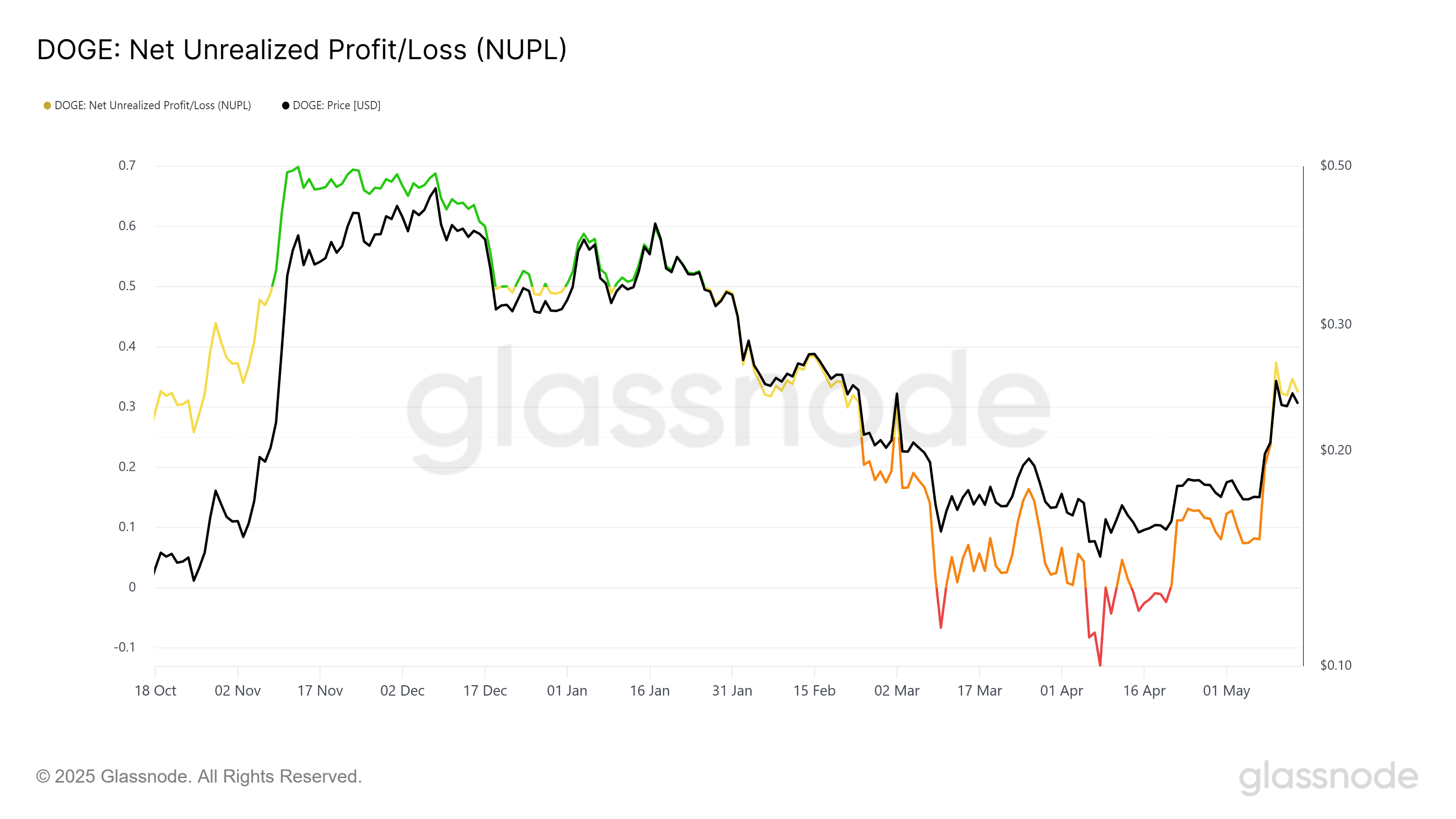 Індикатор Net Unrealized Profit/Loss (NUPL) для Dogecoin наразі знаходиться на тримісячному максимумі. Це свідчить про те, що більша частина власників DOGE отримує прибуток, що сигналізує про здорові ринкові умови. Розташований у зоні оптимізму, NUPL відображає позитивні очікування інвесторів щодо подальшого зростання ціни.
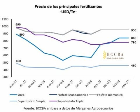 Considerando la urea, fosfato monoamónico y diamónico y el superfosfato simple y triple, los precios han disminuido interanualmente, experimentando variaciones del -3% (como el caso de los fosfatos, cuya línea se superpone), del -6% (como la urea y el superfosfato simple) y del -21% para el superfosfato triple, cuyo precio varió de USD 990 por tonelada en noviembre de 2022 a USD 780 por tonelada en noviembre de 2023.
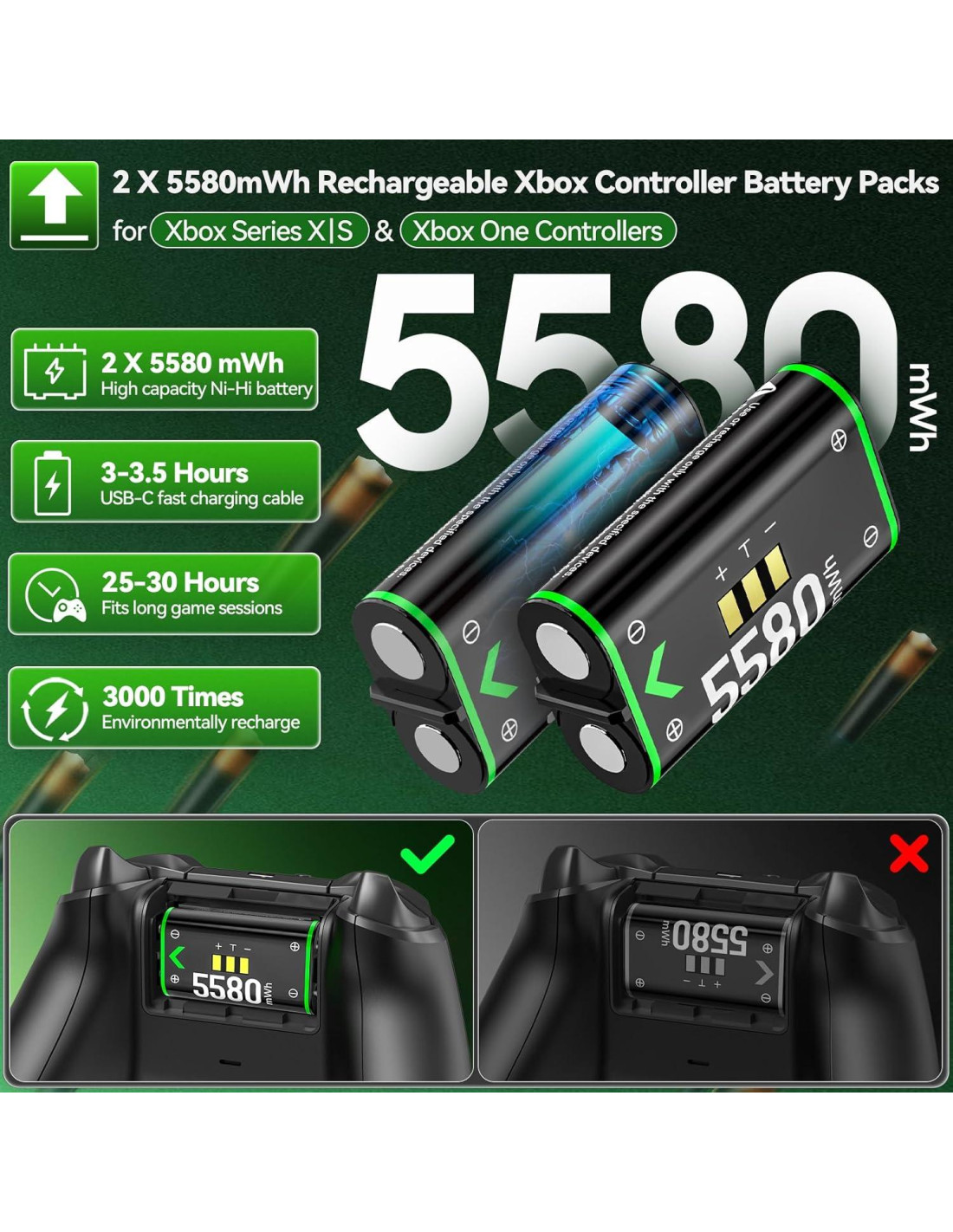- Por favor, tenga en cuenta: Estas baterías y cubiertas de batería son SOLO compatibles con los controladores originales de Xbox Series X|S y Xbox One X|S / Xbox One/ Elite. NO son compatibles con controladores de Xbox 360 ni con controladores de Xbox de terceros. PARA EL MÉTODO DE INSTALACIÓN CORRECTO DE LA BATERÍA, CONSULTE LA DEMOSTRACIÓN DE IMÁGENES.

==

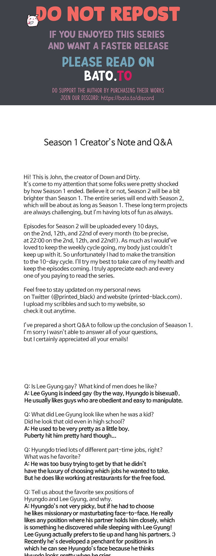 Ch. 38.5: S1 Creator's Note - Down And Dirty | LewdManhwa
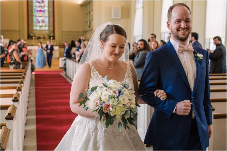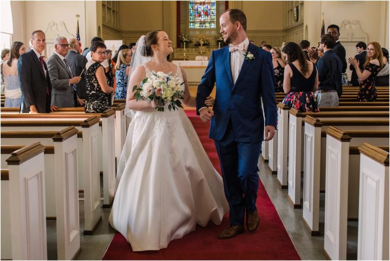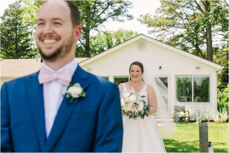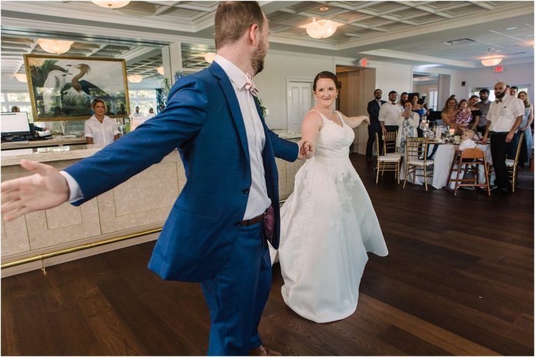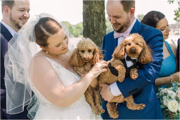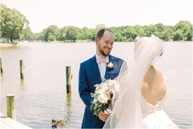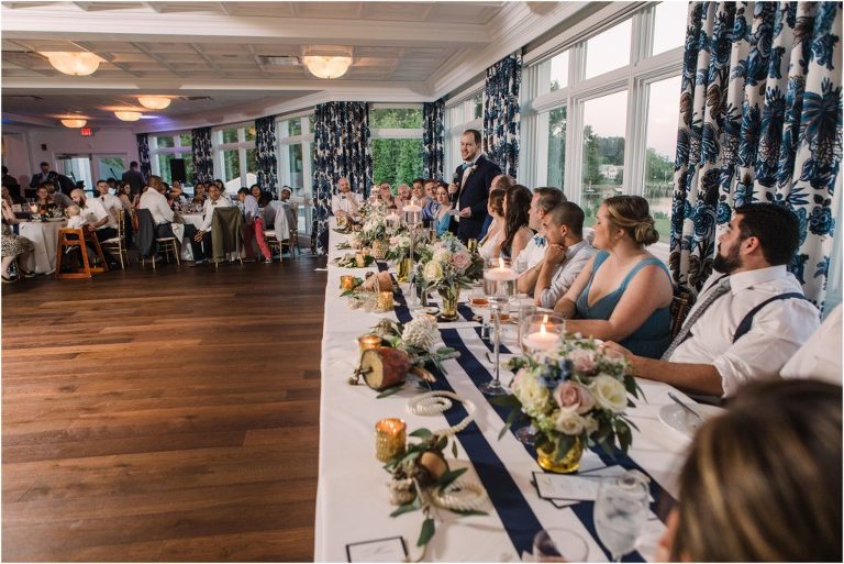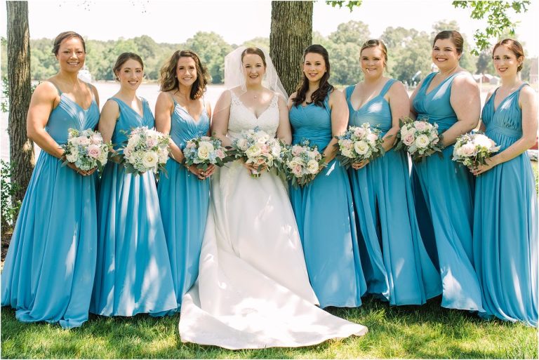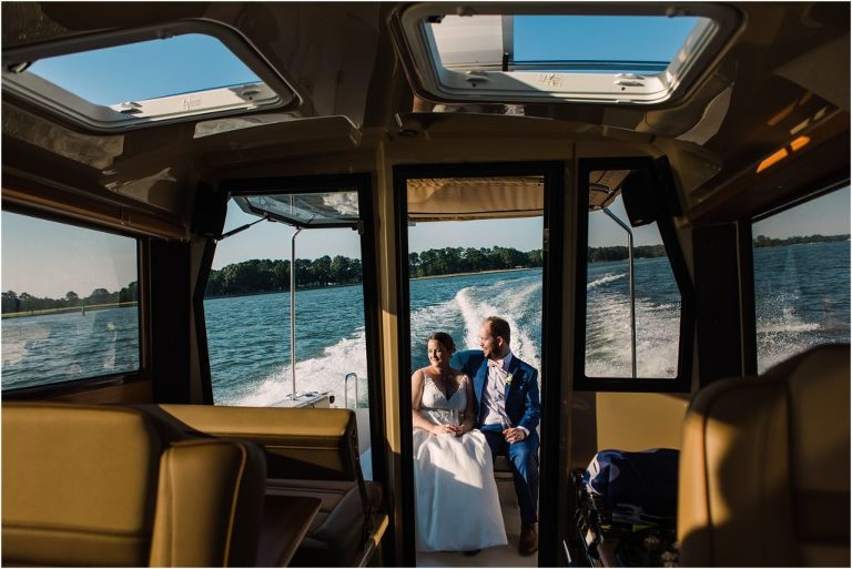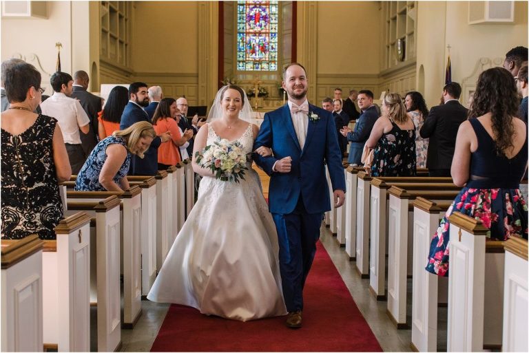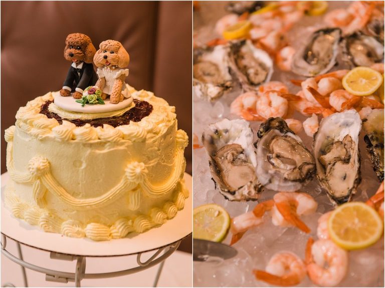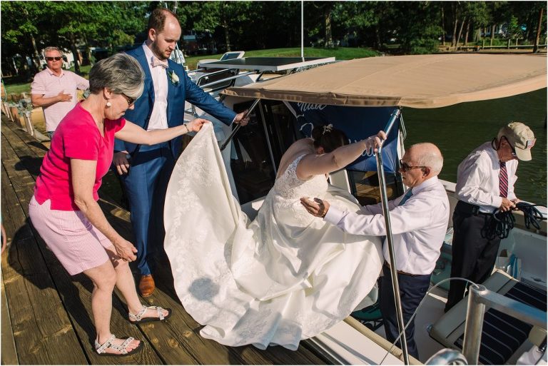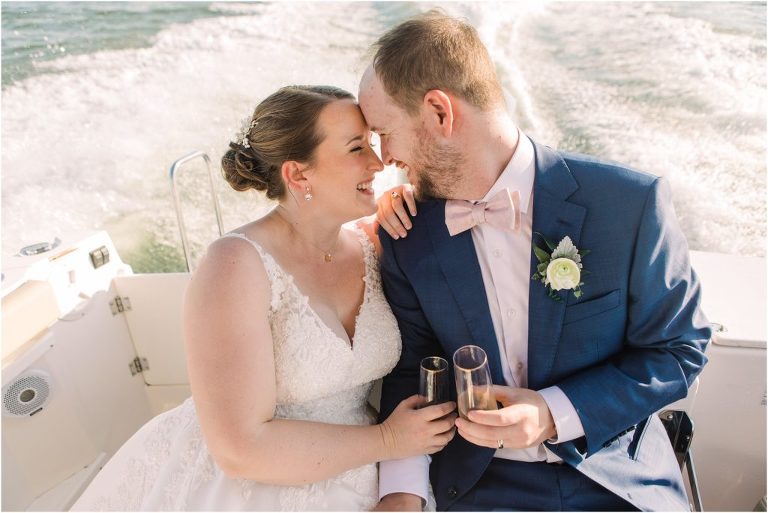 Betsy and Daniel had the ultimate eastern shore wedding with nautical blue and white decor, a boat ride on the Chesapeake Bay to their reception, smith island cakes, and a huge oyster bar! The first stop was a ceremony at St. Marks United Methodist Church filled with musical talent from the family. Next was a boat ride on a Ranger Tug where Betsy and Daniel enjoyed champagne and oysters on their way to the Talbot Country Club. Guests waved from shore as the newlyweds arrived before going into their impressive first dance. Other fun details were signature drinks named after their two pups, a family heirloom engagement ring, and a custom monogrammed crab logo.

---

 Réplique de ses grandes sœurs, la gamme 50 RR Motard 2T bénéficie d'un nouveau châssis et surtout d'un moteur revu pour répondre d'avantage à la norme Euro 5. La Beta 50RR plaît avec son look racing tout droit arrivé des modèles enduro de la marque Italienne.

Exercise objective | An exact copy of the lines above from the one with "Індикатор Net Unrealized" up to and including the one with "Considerando la urea, fosfato" is required; reproduce only those lines, omitting all pictures.

Result |
 Індикатор Net Unrealized Profit/Loss (NUPL) для Dogecoin наразі знаходиться на тримісячному максимумі. Це свідчить про те, що більша частина власників DOGE отримує прибуток, що сигналізує про здорові ринкові умови. Розташований у зоні оптимізму, NUPL відображає позитивні очікування інвесторів щодо подальшого зростання ціни.
 Considerando la urea, fosfato monoamónico y diamónico y el superfosfato simple y triple, los precios han disminuido interanualmente, experimentando variaciones del -3% (como el caso de los fosfatos, cuya línea se superpone), del -6% (como la urea y el superfosfato simple) y del -21% para el superfosfato triple, cuyo precio varió de USD 990 por tonelada en noviembre de 2022 a USD 780 por tonelada en noviembre de 2023.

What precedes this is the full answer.